__COLLECTED MATERIAL__
* * * * * * * * *

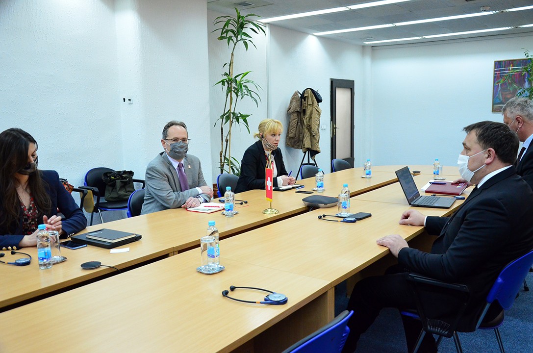 Federalni ministar poljoprivrede, vodoprivrede i šumarstva Šemsudin Dedić održao je danas, u sjedištu Vlade Federacije BiH u Sarajevu, sastanak sa ambasadorom Švicarske Konfederacije u BiH Danielom Hunnom.
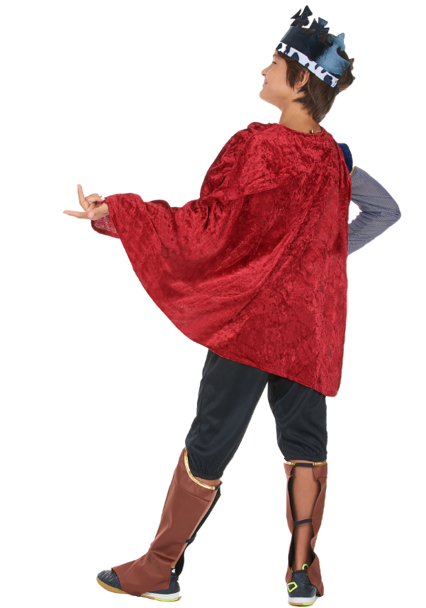 Ce costume est agrémenté de nombreux accessoires. Une cape rouge effet velours et une ceinture marron à scratch complètent l'esemble et lui donnent du prestige. Une coiffe représentant une couronne en tissu noir brillant renforce l'aspect royal du déguisement. Enfin, des sur-bottes marron aux liserés or maintenues aux jambes et sous les pieds par des élastiques terminent le tout.
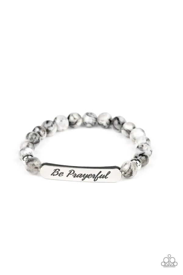 Infused with dainty silver accents, a collection of glassy black and white stone beads and a shimmery silver frame stamped in the phrase, "Be Prayerful", are threaded along a stretchy band around the wrist for an inspirational look. Color may vary. Sold as one individual bracelet.

* * * * * * * * *

__REQUIREMENT__
Your answer should be every line above, written out exactly, with no pictures.

__EXPECTED ANSWER__
 Federalni ministar poljoprivrede, vodoprivrede i šumarstva Šemsudin Dedić održao je danas, u sjedištu Vlade Federacije BiH u Sarajevu, sastanak sa ambasadorom Švicarske Konfederacije u BiH Danielom Hunnom.
 Ce costume est agrémenté de nombreux accessoires. Une cape rouge effet velours et une ceinture marron à scratch complètent l'esemble et lui donnent du prestige. Une coiffe représentant une couronne en tissu noir brillant renforce l'aspect royal du déguisement. Enfin, des sur-bottes marron aux liserés or maintenues aux jambes et sous les pieds par des élastiques terminent le tout.
 Infused with dainty silver accents, a collection of glassy black and white stone beads and a shimmery silver frame stamped in the phrase, "Be Prayerful", are threaded along a stretchy band around the wrist for an inspirational look. Color may vary. Sold as one individual bracelet.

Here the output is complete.